Jennifer Lopez’s new erotic thriller The Boy Next Door is the kind of movie you’d expect to find on Cinemax at two in the morning in the mid-90s. It is badly written, poorly acted, and campy to its core, but it’s also a lot of fun.

To quell expectations, the film starts with one of the lamest, most unnecessary montages ever. High school English teacher Claire is shown jogging through the park as melodramatic flashbacks of her crumbling marriage and the effect it had on her son Kevin are interspersed at random.
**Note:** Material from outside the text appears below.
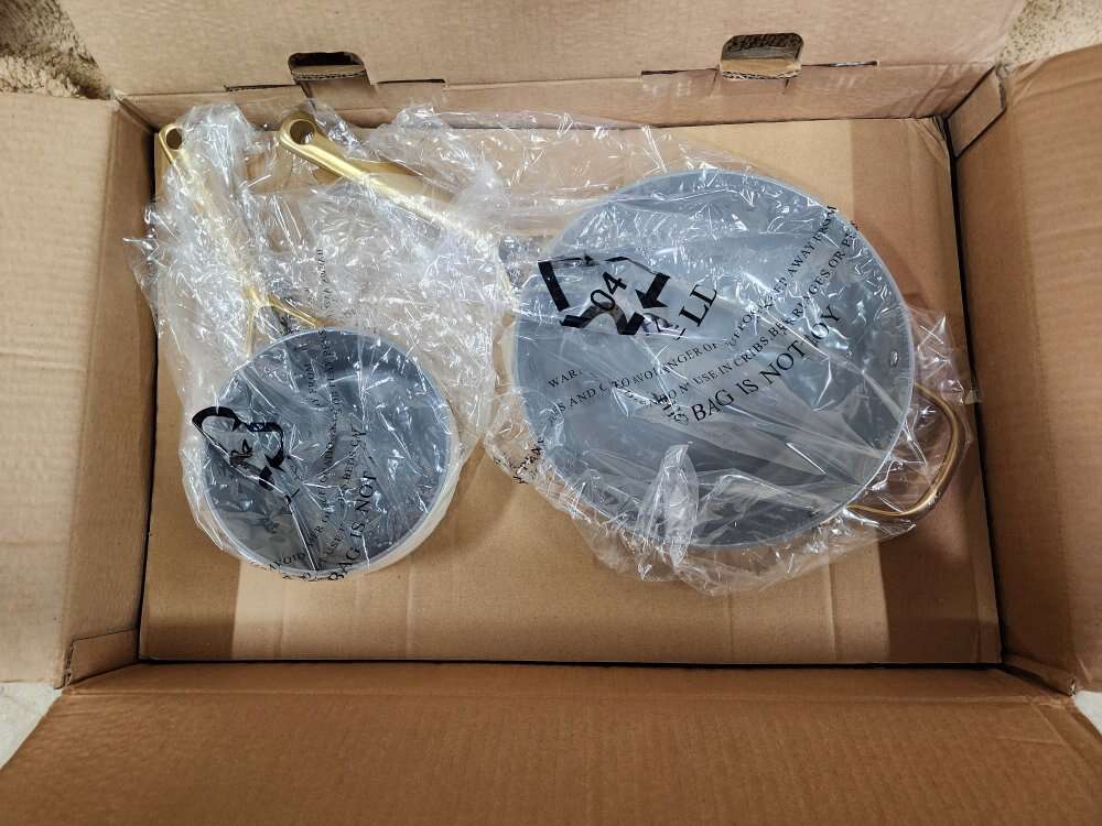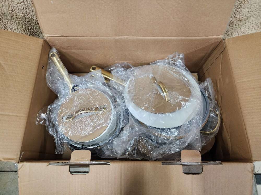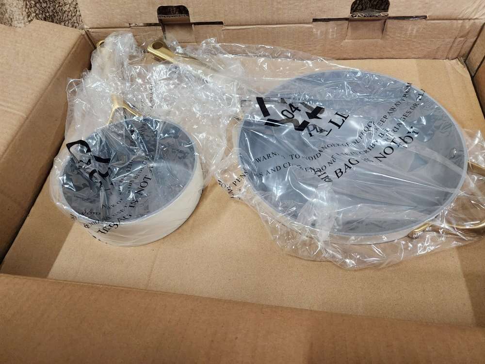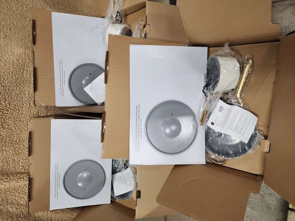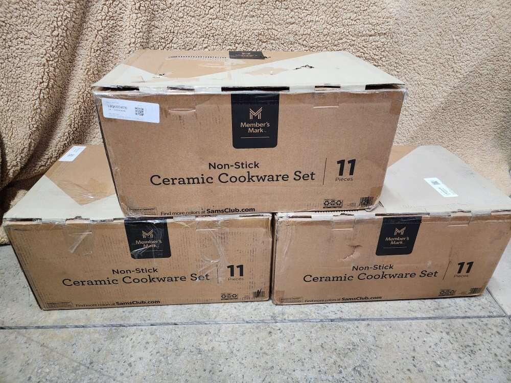 VenmoThis is a new 11-piece ceramic cookware set in cream and gold. This is a beautiful pot and pan set. I have 3 of these new cream sets available. We will take cash or Venmo. Our Member's Mark™ 11-Piece Modern Ceramic Cookware is a stylish addition to the kitchen that makes healthier cooking easy. Enjoy perfectly cooked steaks, stews, scrambled eggs and sauteed veggies with this versatile set of pots and pans, including two Dutch ovens. Featuring nonstick interiors and durable heavy-gauge aluminum construction, this long-lasting set of cookware makes it so you can cook with less oil and fast cleanup. This complete 11-Piece Modern Cookware Set includes: 9.5 fry pan 11 fry pan, 2-quart covered saucepan with lid, 3-quart Dutch oven with lid, 6-quart Dutch oven with lid, 4-quart deep sauté pan with lid, Multi-function stainless-steel basket. Add to your collection with the Member's Mark 3-Piece Modern Ceramic Fry Pan Set and the Member's Mark 5.5-Quart Ceramic Jumbo Cooker. Superior Nonstick Cookware Unlike traditional nonstick cookware, this set of pots and pans features ceramic nonstick interior. Now you can enjoy superior nonstick performance with high release and easy cleaning after every meal. The impact-bonded honeycomb base makes this set safe for all stovetops, including induction. Plus, these pans are oven safe up to 450°F—talk about versatile! Nonstick Cooking with Less Oil and Butter The nonstick interiors of this cookware require less oil or butter while you're cooking for healthier meals that don't stick to the pans. The heavy-gauge aluminum construction delivers even heat distribution and long-lasting durability for years of cooking. Even Heating and Enhanced Flavor The specially designed cast aluminum lids have a curved shape for self-moistening circulation during cooking that protects food from drying out. The unique design gently cooks your dishes and enhances the flavors of the food during cooking. Care and Storage This set is dishwasher safe. Hand washing is recommended to extend the life of your cookware. It's oven-safe to 450°F (232°C) and suitable for use on all cooktops, including induction. To extend the life of your cookware, cook only on low to medium heat; never on extremely high heat as it can ruin the nonstick interior. Clean the cookware before the first use. Handwash your pans in warm, soapy water. After cooking: Allow your cookware to cool down completely before running cold water (to avoid warping your pans). Once the pans are cool, clean the interior of the pans with warm, soapy water and a non-abrasive dishcloth or sponge. Dry with a soft towel. Stubborn food can be removed with a sponge or non-abrasive scrubber and a little powder cleanser (like Bar Keeper’s Friend). Handwash Recommended This cookware is dishwasher safe. Hand washing and drying is always recommended to maintain the original look and performance of the interior and exterior finishes. If hand washing, use liquid dishwashing detergent with a sponge, nylon pad or dish cloth when cleaning cookware. A non-abrasive polishing cleanser may also be used for stains. Do not use oven cleaner, harsh detergents, chlorine bleach, steel wool or other abrasive cleaning pads. How to Clean Difficult Stains Food will be carbonized on the cooking surface at high temperatures, forming tiny black dirt marks. You can easily remove it from your ceramic cooking surface. 1. Pour vinegar onto a scrubbing pad and scrub the stain. Vinegar is effective in removing most stains. 2. Make a paste of 1 tablespoon baking soda and 2 tablespoons vinegar in a pan and fill warm water. Let the pan sit for a few hours then scrub the stains. Is this set of cookware compatible with all cooktops? Yes, the Member's Mark 11-Piece Modern Ceramic Cookware Set features a stainless steel stay-flat honeycomb base designed for use with induction cooking. The diameter of the pan’s induction base should be

Why the filmmakers chose to have a flashback in the first thirty seconds of the film when a few lines of dialogue could have done the same thing is beyond me, but it does establish the film’s “bad Lifetime Movie on steroids” vibe.

This sentiment continues when we are introduced to Claire’s seducer and new neighbor Noah, whose chiseled biceps appear on screen before his face. Handsome and charming, Noah quickly manipulates his way into the family’s inner circle by developing a bizarre, slightly homoerotic friendship with Claire’s asthmatic son Kevin. The two are supposed to be high school age but Noah looks closer to 30. Noah then moves on to seducing Claire by doing hunky things like fixing garage doors and working on cars in a sleeveless shirt. He even reveals his sensitive side (“Ah, poets. Homer, Shakespeare, Byron, Zeppelin, Dylan.”) and proceeds to win Claire over by buying her a first edition copy of The Iliad at a garage sale (huh).

One night, after a really bad date and a few too many glasses of wine, Claire gives in to temptation and lets Noah seduce her. That’s when the real fun begins. After Claire rejects Noah’s further advances, his transformation from hunk to psychopath happens almost instantaneously. What starts with double entendres like “I really love your mother’s cookies” & “It got real wet over here” quickly escalates to full-blown murder. Along the way we are treated to typical movie-psycho behavior: stalking, hacking email accounts, cutting people’s brakes, etc. This all leads to an absurd third act involving arson & eyeballs that approaches the high camp that could have made the film a true cult classic if there were only more of it.

Jennifer Lopez does the best she can with what she’s given but she alone can’t save the movie from coming across like a really crappy rehash of Fatal Attraction. There are lots of unintentionally funny moments, but the film doesn’t truly embrace its own badness until the last twenty minutes. The Boy Next Door isn’t going to be on any critic’s top ten list this year, but for fans of camp it is a trashy, highly entertaining mess.